The task → Print, exactly as they appear in the listing below, the lines from the line with "ANKARA (İGFA) –" to the line with "穿著寬褲時能利用同色系來達到", with both end lines kept.

[Opening Records supplied section]

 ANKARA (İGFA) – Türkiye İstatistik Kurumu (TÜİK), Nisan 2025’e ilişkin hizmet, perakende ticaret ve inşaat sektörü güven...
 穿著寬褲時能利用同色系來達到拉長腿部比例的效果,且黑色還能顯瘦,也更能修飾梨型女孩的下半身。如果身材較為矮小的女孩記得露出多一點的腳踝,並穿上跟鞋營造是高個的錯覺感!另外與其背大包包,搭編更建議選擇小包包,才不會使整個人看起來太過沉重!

[Closing Records supplied section]
[Opening Records supplied section]

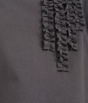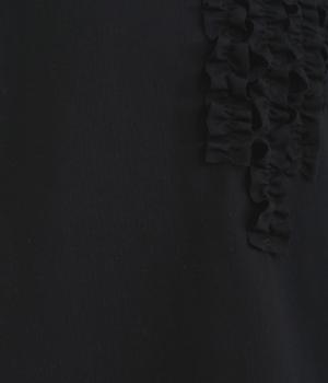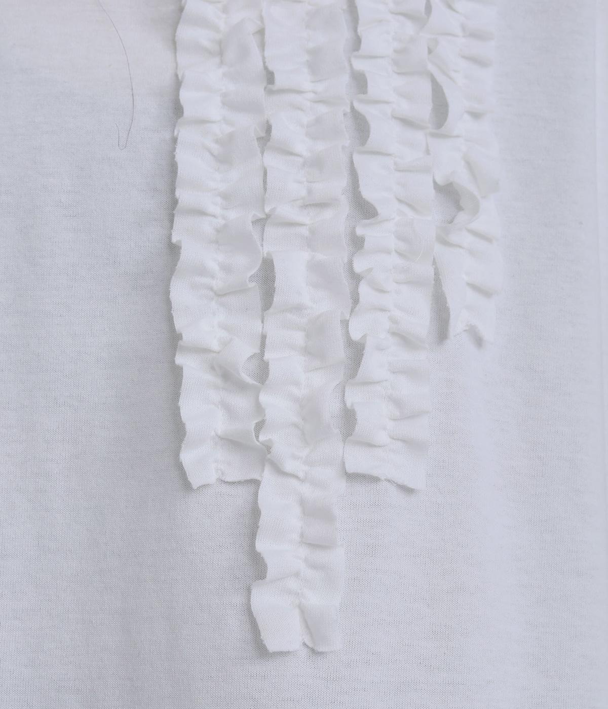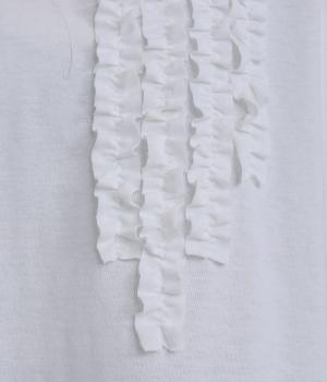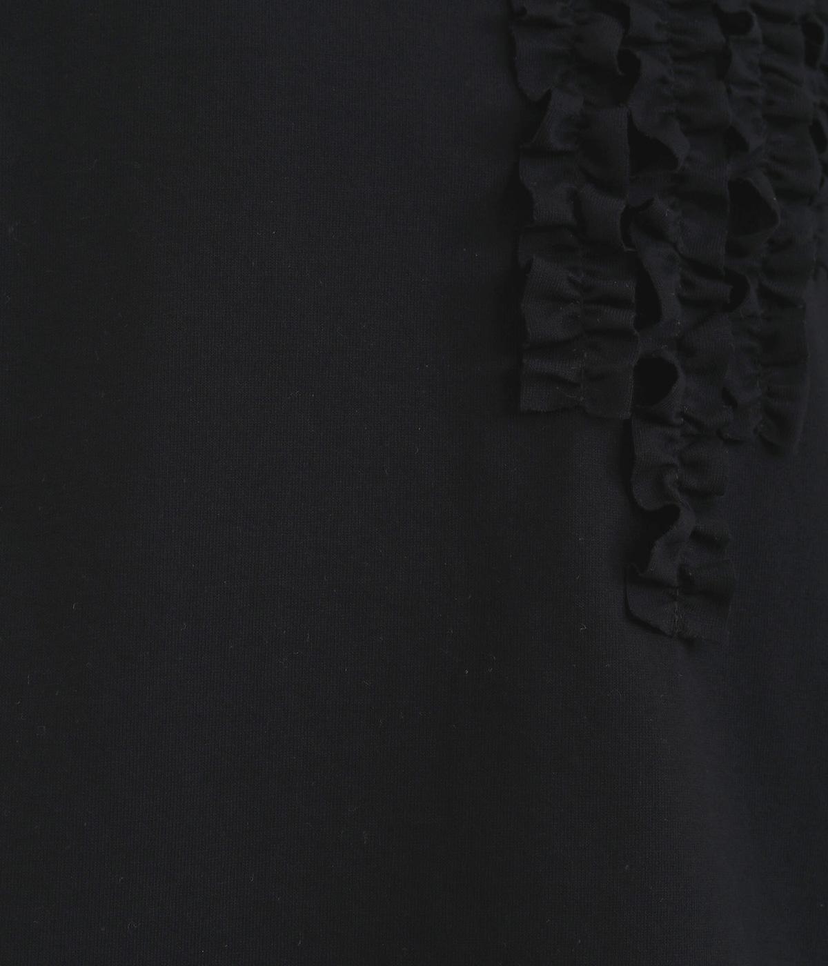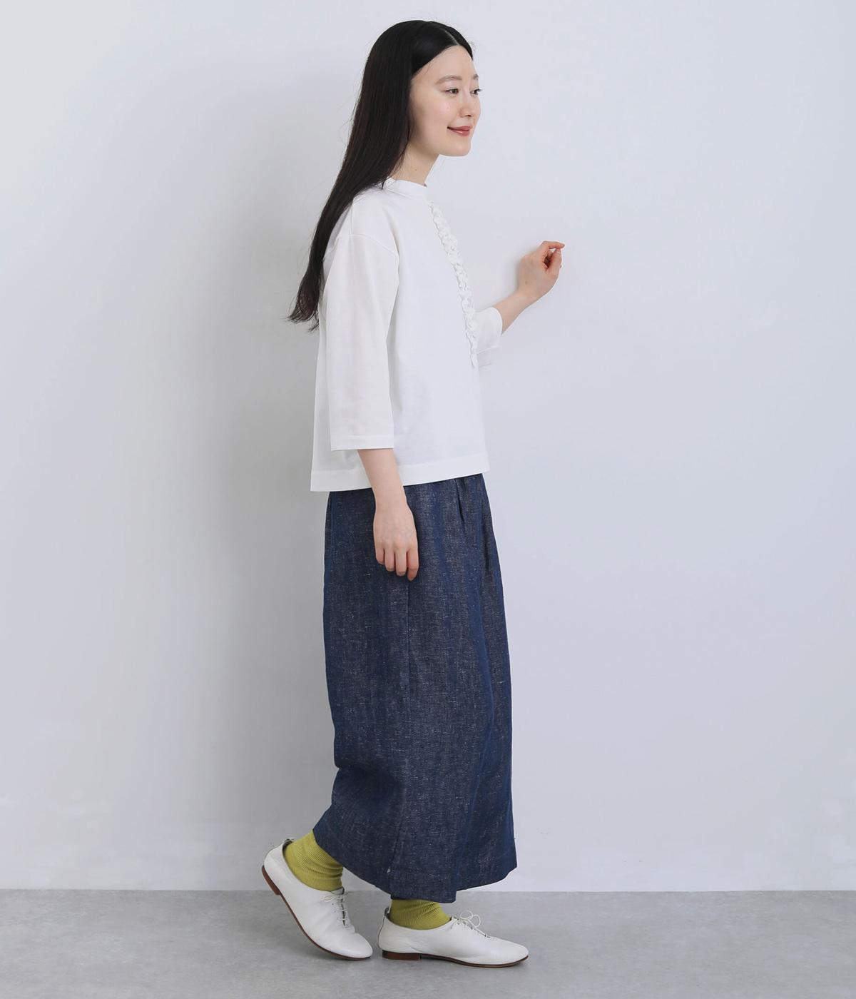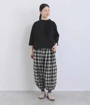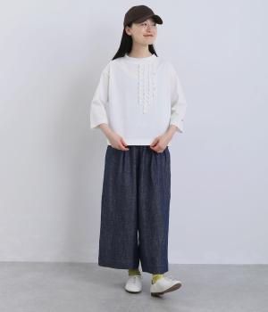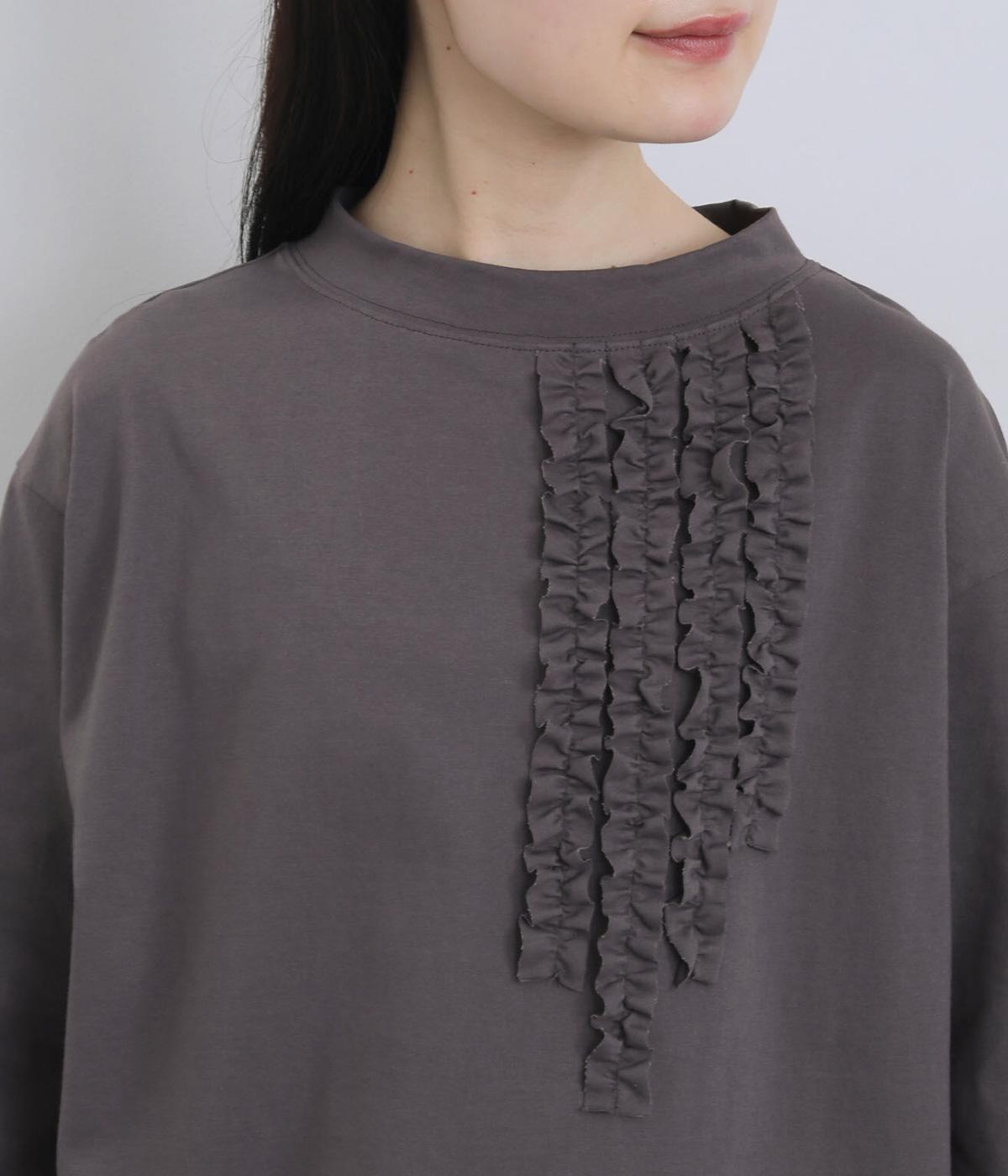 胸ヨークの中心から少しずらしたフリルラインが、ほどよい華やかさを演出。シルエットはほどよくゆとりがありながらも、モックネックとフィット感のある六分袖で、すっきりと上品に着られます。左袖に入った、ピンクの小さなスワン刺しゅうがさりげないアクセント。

[Closing Records supplied section]
[Opening Records supplied section]

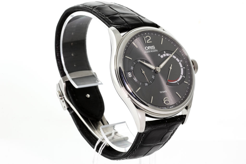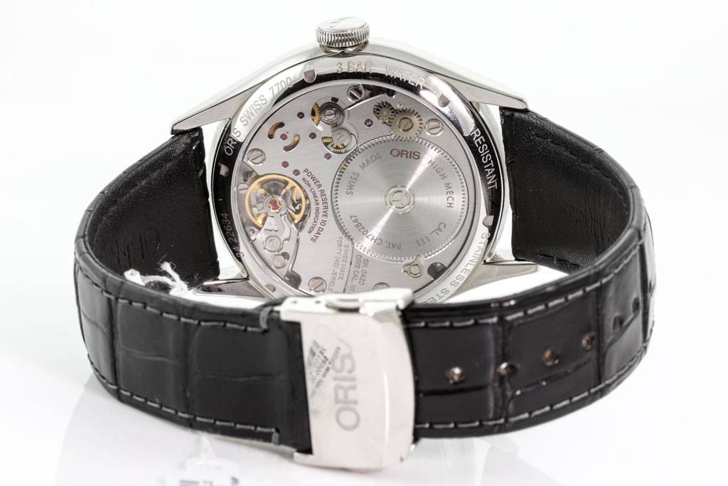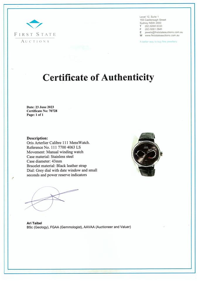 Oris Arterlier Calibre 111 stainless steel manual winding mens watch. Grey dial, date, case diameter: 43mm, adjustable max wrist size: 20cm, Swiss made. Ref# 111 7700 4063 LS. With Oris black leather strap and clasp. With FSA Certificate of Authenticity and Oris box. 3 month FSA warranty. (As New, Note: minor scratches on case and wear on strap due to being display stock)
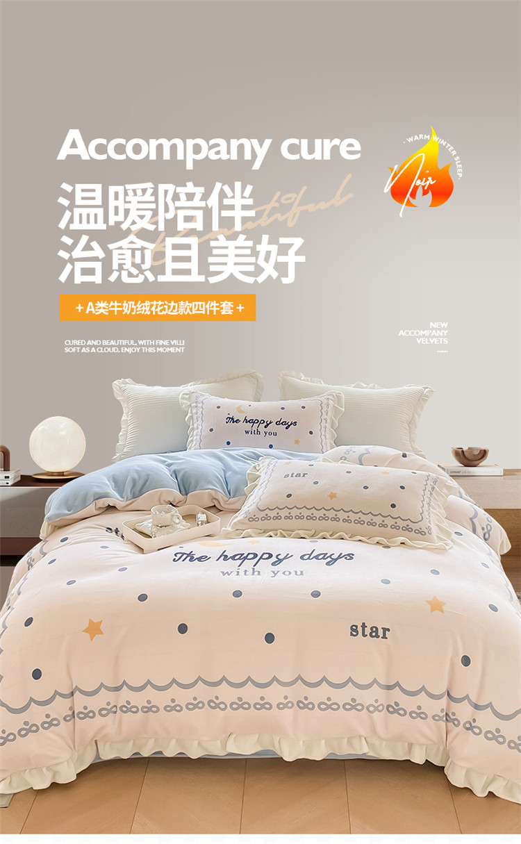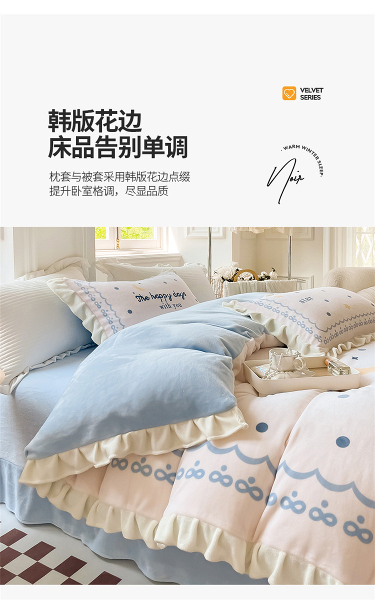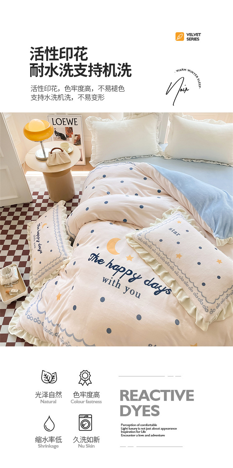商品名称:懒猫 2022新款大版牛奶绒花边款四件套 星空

[Closing Records supplied section]

Exercise response →
 ANKARA (İGFA) – Türkiye İstatistik Kurumu (TÜİK), Nisan 2025’e ilişkin hizmet, perakende ticaret ve inşaat sektörü güven...
 穿著寬褲時能利用同色系來達到拉長腿部比例的效果,且黑色還能顯瘦,也更能修飾梨型女孩的下半身。如果身材較為矮小的女孩記得露出多一點的腳踝,並穿上跟鞋營造是高個的錯覺感!另外與其背大包包,搭編更建議選擇小包包,才不會使整個人看起來太過沉重!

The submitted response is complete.